Young eyes often spot things older ones might have missed. So it was on 4th August 2018, when my nephew and his wife, up on a visit from London, were exploring the seashore at Port Alltan na Bradhan (NC0526) with their children Zahra and Zacharie.
The first seashore find was a fish which had become stranded in shallow water in a rock pool. It was about 14cm long, with a large head bearing thick pale lips. The pectoral fins were large and fan-shaped, tiny pelvic fins were just visible beneath the throat, and the dorsal fin was long and continuous, with a slight notch separating unequal front and rear parts. These features identify it as a shanny Lipophrys pholis, one of several members of the blenny family found in intertidal waters around the British Isles. It feeds on barnacles and algae and lays its eggs on the underside of rocky crevices, where the male guards them and fans them to keep them oxygenated. This individual was returned to deeper water after being photographed.

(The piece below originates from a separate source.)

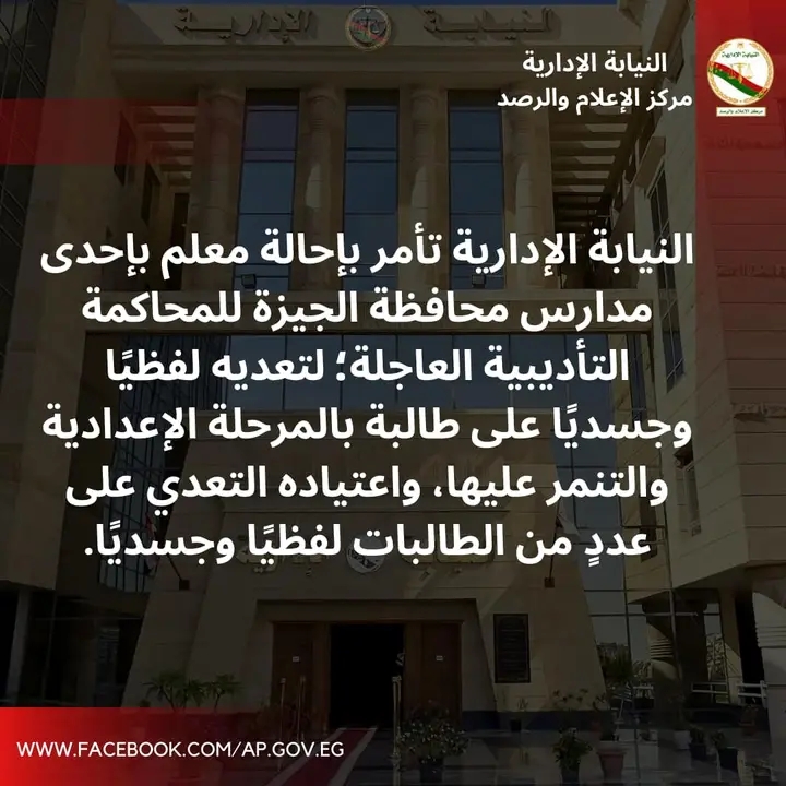 أكد المستشار محمد سمير، المتحدث الرسمي باسم النيابة الإدارية، أنه تم إحالة معلم بإحدى مدارس محافظة الجيزة للمحاكمة التأديبية العاجلة؛ لتعديه لفظيًا وجسديًا على طالبة بالمرحلة الإعدادية والتنمر عليها، واعتياده التعدي على عددٍ من الطالبات لفظيًا وجسديًا.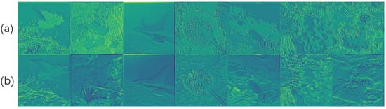 We utilized an extended multi-label dataset UIEBD (Underwater Image Enhancement Benchmark Dataset, which is a multi-label underwater image enhancement dataset) [8]. Some training datasets pictures are shown in Figure 6. A challenge encountered prior to training the probability network was that existing UIE datasets typically provide a single reference map for each degraded underwater image. To facilitate the application of the probability network, we augmented existing UIE datasets by generating multiple reference images. The new dataset we adopted is based on UIEBD [10], a real-world UIE dataset comprising 890 underwater images along with corresponding reference maps.

The second was a very large limpet shell, which I spotted as the family were packing to return home. The young finder kindly agreed (under no pressure, honestly!) to swap it for a handful of other shells from my own collection. A fair exchange since I had never seen one like it before. It is 68mm long and 53mm broad, but only 16mm tall, with an off-centre blunt apex. In addition it is beautifully ornamented with alternating broad and narrow radiating ridges. These are the distinguishing features of the china limpet Patella ulyssiponensis. This is a species apparently widespread around north-western coasts, but unfamiliar to the local naturalists to whom I later showed it.